» TASK TO COMPLETE:
Start at the top of the records and, please, print each line exactly through the line that contains "- ¡¼Multipurpose Mapp", leaving out all pictures.

(WORKING DATA Opens)

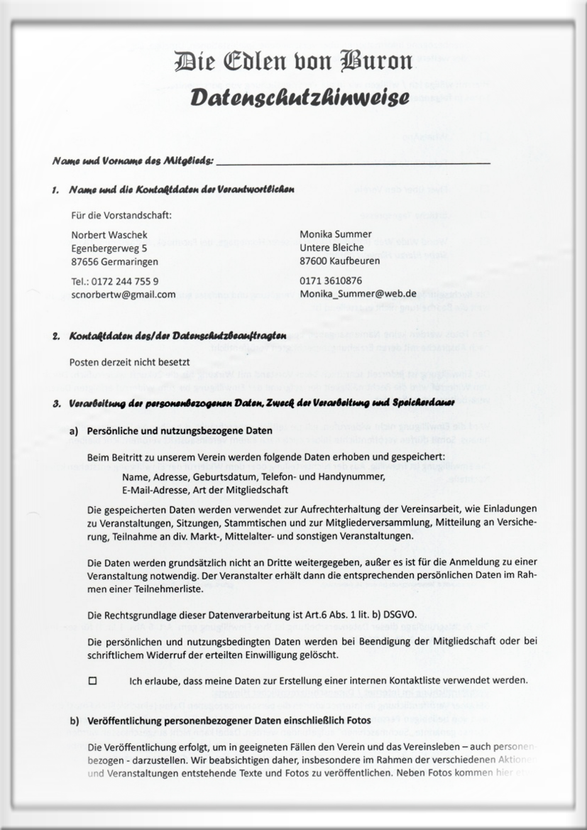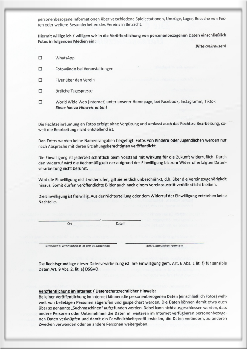 - a) Einwilligung (z. B. Veröffentlichung von Fotos, Newsletter).
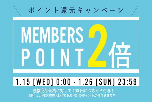 また、同期間の1/15(水)~1/26(日)には、ポイント2倍キャンペーンも、東京店・羽田店・オンラインショップにて実施いたします。
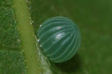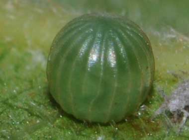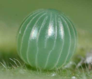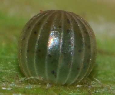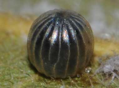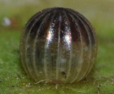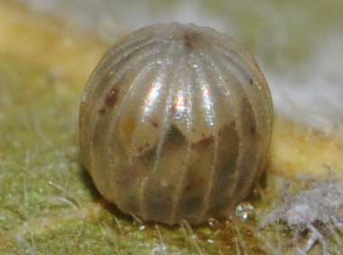 アカボシゴマダラの卵(直径1.3mm、高さ1.4mm)
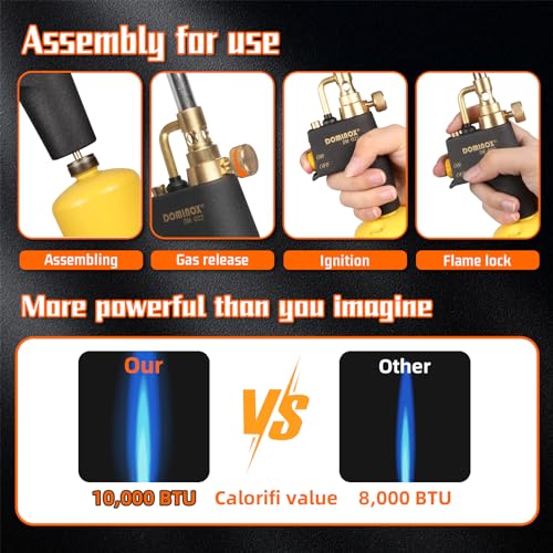 - ¡¼Multipurpose Mapp Gas Torch¡½DOMINOX mapp gas torch kit can one click start flame, extinguish and lock flame, improving gas combustion economy. Map gas torch kit is easy to operate and has a wide range of applications, including industrial welding, brazing, and soldering. Propane torch can also be applied in daily life, including ignition, welding, brazing, soldering, heat shrinkage, barbecue, snow melting, and rust removal.
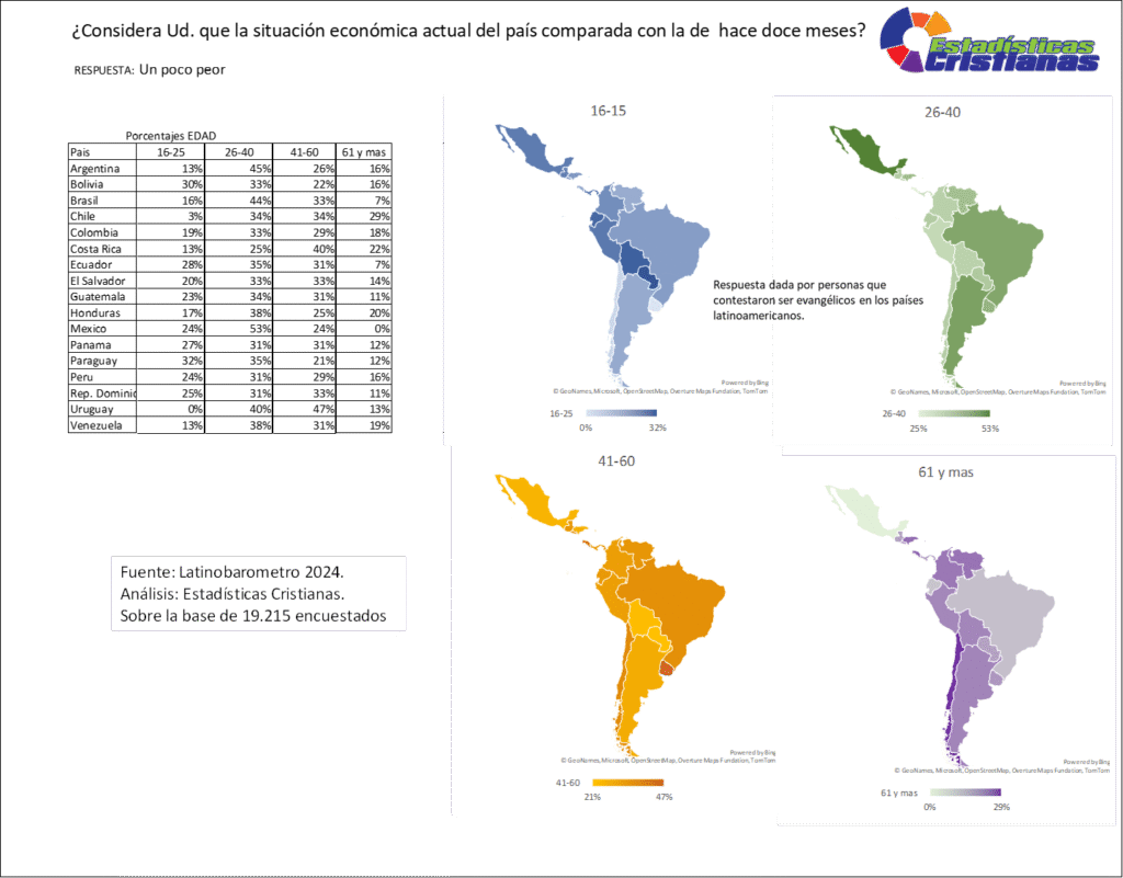 Los evangélicos latinoamericanos que consideran que la situación económica actual del país es un poco peor comparada con la de hace doce meses exhiben patrones diferenciados según grupo etario y contexto nacional, reflejando pesimismo económico moderado. El segmento de 26-40 años presenta las concentraciones más elevadas de percepción de deterioro moderado, destacando México con 53%, Argentina con 45%, Brasil con 44%, Uruguay con 40% y Venezuela con 38%. Los grupos de 41-60 años muestran niveles sustanciales, liderados por Uruguay con 47%, Costa Rica con 40%, Chile con 34%, Brasil y El Salvador ambos con 33%, y Ecuador con 31%. La franja de 16-25 años presenta porcentajes variables, con Paraguay alcanzando 32%, Bolivia con 30%, Ecuador con 28%, Panamá con 27%, Perú con 24% y México con 24%. El grupo de 61 años y más registra cifras moderadas, encabezado por Chile con 29%, Argentina con 16%, Perú con 16%, Colombia con 18% y Venezuela con 19%. Los datos de 19,215 encuestados revelan que la percepción de deterioro económico moderado constituye una realidad significativa en múltiples contextos nacionales evangélicos.
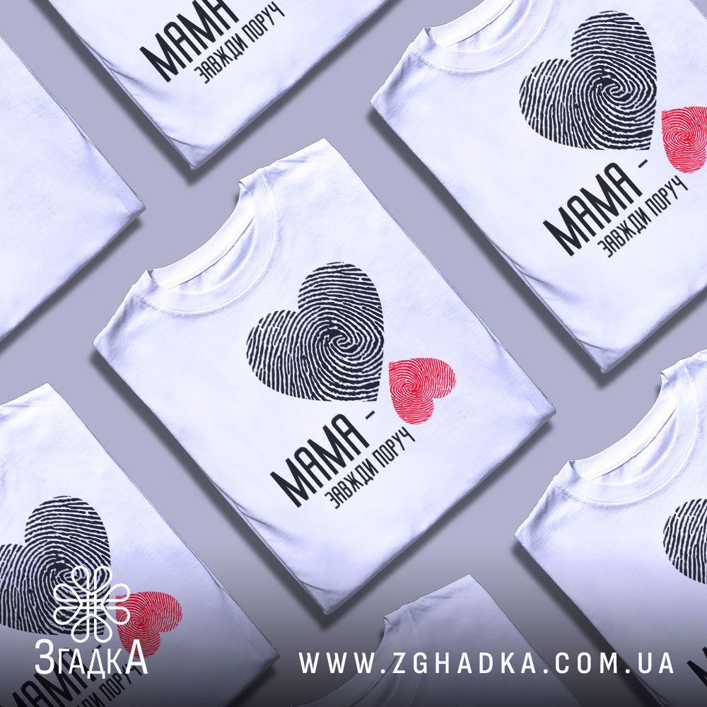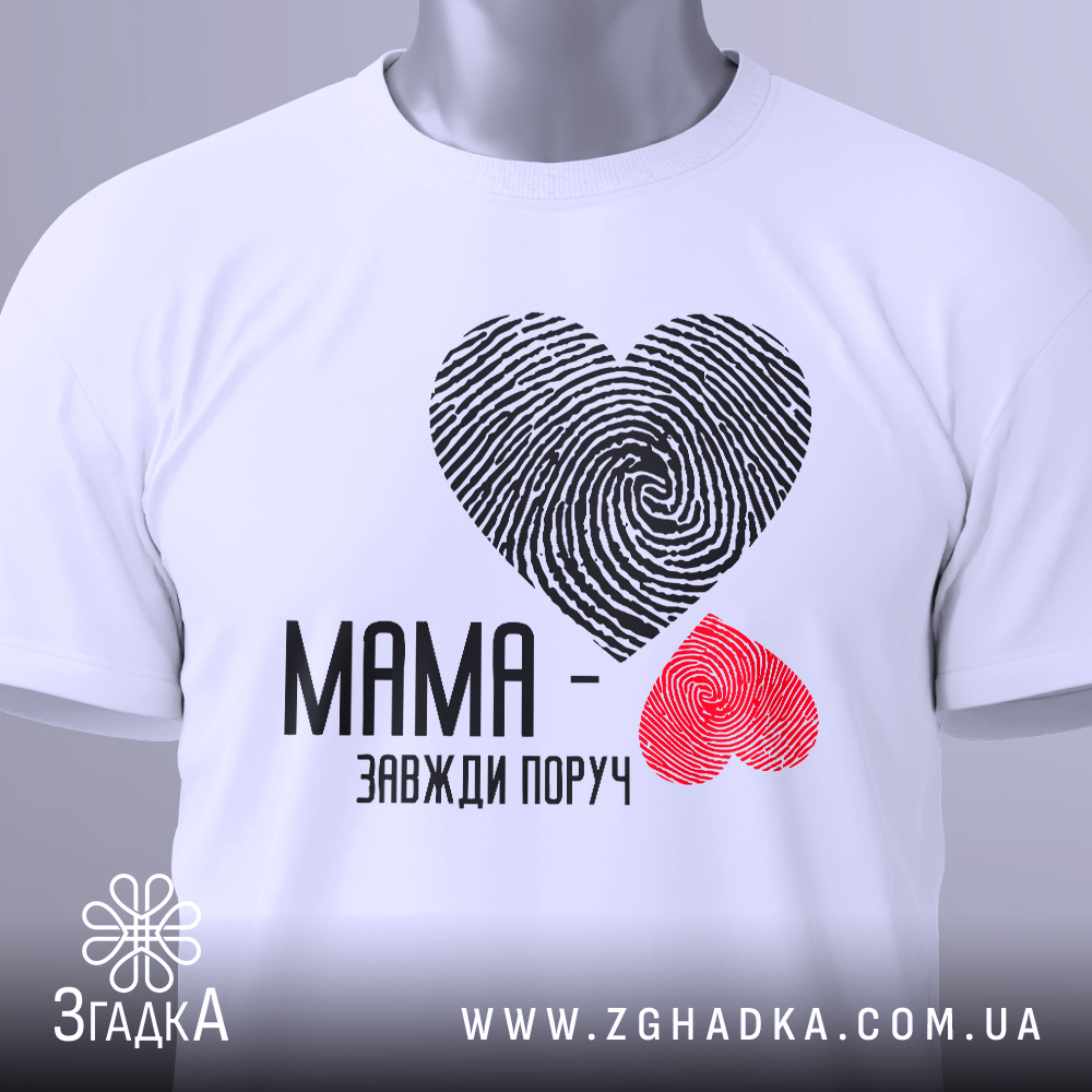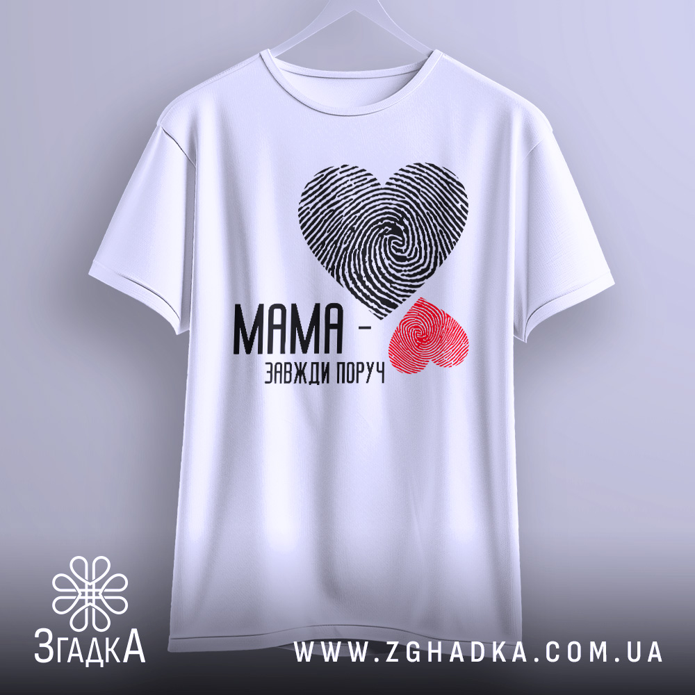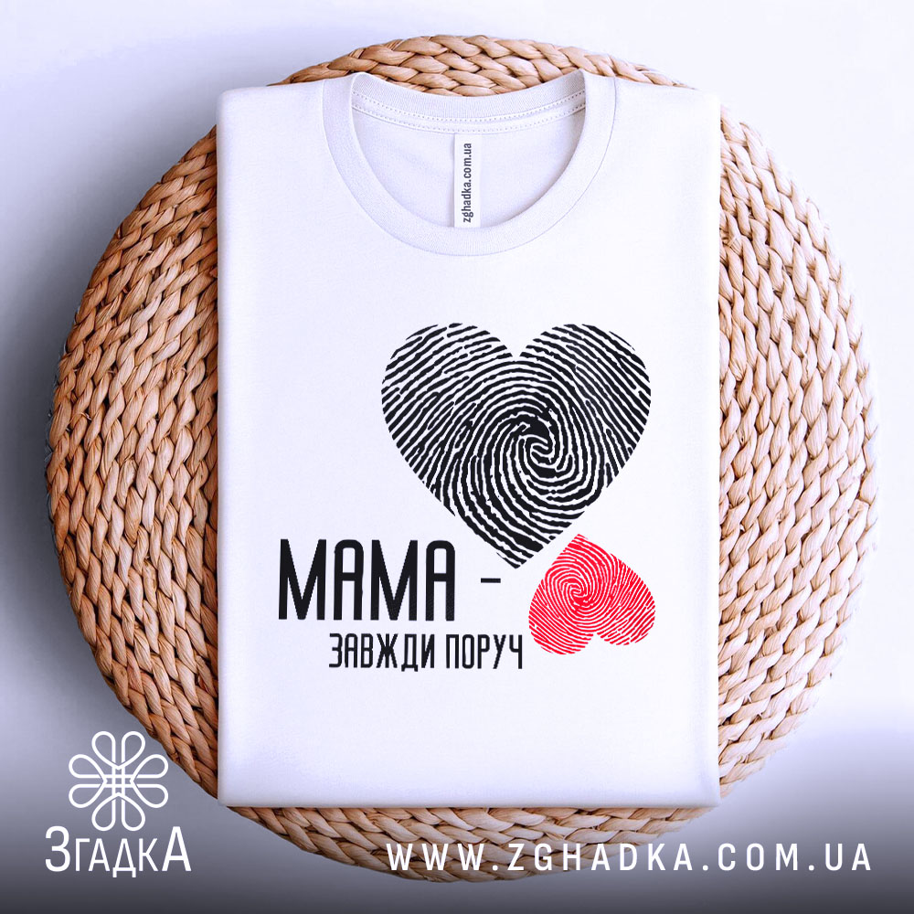 Футболка з принтом ‘мама завжди поруч’ стане чудовим доповненням до вашого гардеробу. Вона підкреслить вашу індивідуальність та емоційний зв’язок з близькими.
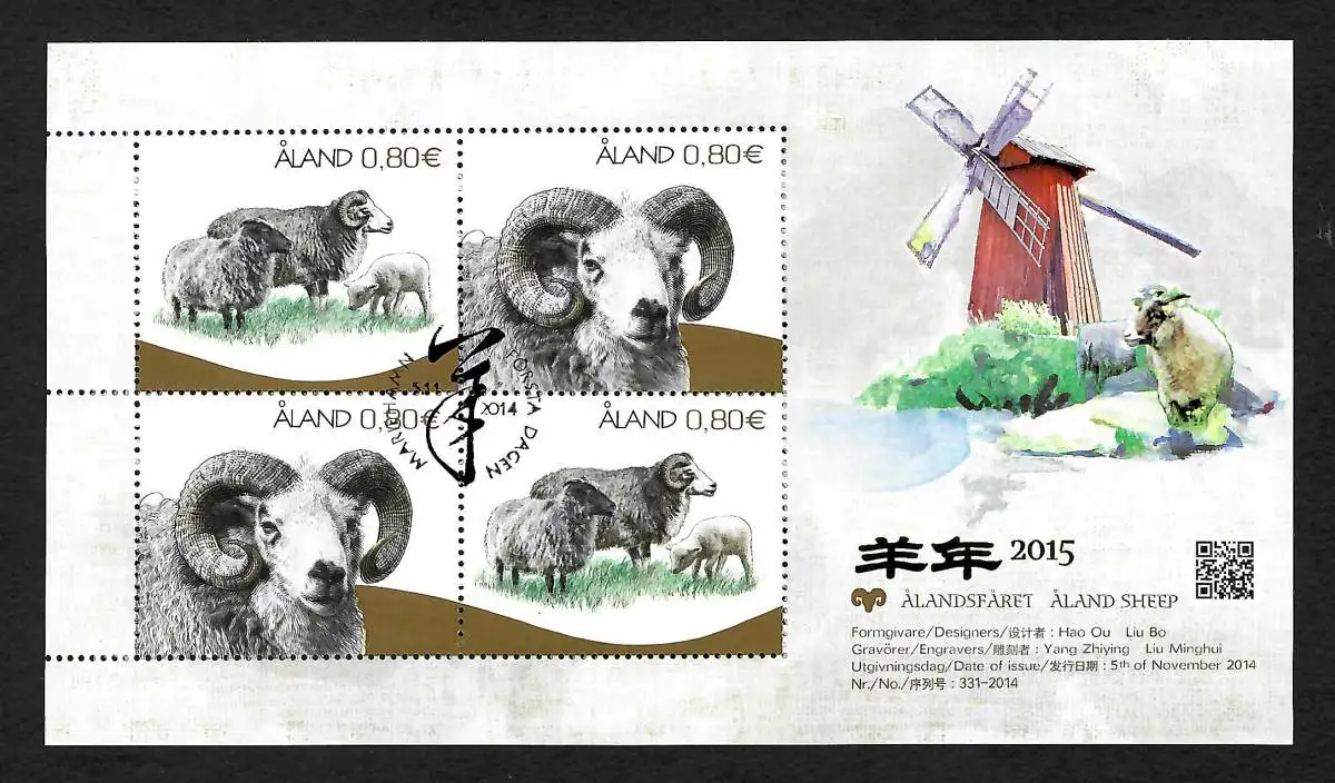 Aland 2015: Schafe, Marie Hamn, Block, gestempelt
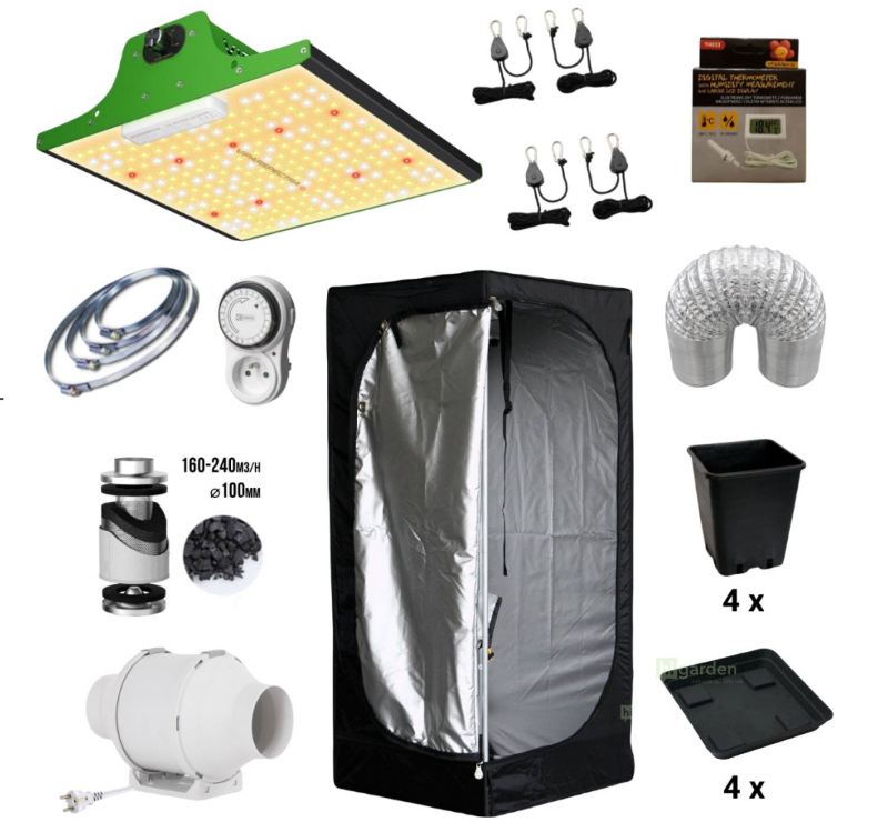 Unser TIPP: Ein hervorragendes Preis-Leistungs-Verhältnis sich ergänzender Anbautechniken bieten Growbox-Sets – Komplettsets, die man nur noch anschließen und beobachten muss, wie sich die Pflanzen entwickeln. Eine grundlegende LED-Set-Konfiguration mit 100 W siehst du zur Veranschaulichung auf dem Bild, aber mehr oder weniger ausgeklügelte Konfigurationen passen wir auch gerne an deine Vorstellungen an. Dann kannst du bequem zu Hause mehrmals im Jahr ernten!
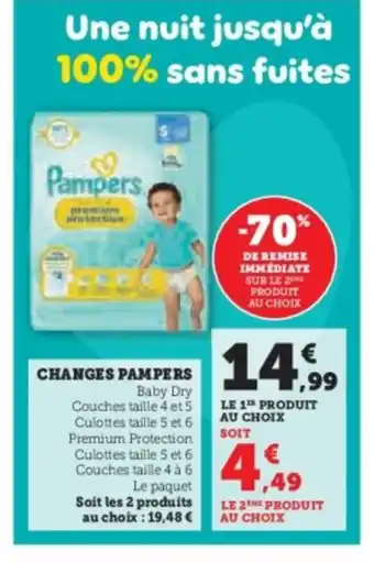 En plus de l'offre PAMPERS Changesa, Hyper U propose une large gamme de produits. Consultez le Catalogue Hyper U hebdomadaire pour découvrir les meilleures offres et promotions. En plus de PAMPERS Changesa, il y a aussi : Pampers culottes duo pack, PAMPERS Culotts duo pack & PAMPERS Couches Maxi Pack.

(WORKING DATA Closes)

» RESULT OF THIS TASK:
 - a) Einwilligung (z. B. Veröffentlichung von Fotos, Newsletter).
 また、同期間の1/15(水)~1/26(日)には、ポイント2倍キャンペーンも、東京店・羽田店・オンラインショップにて実施いたします。
 アカボシゴマダラの卵(直径1.3mm、高さ1.4mm)
 - ¡¼Multipurpose Mapp Gas Torch¡½DOMINOX mapp gas torch kit can one click start flame, extinguish and lock flame, improving gas combustion economy. Map gas torch kit is easy to operate and has a wide range of applications, including industrial welding, brazing, and soldering. Propane torch can also be applied in daily life, including ignition, welding, brazing, soldering, heat shrinkage, barbecue, snow melting, and rust removal.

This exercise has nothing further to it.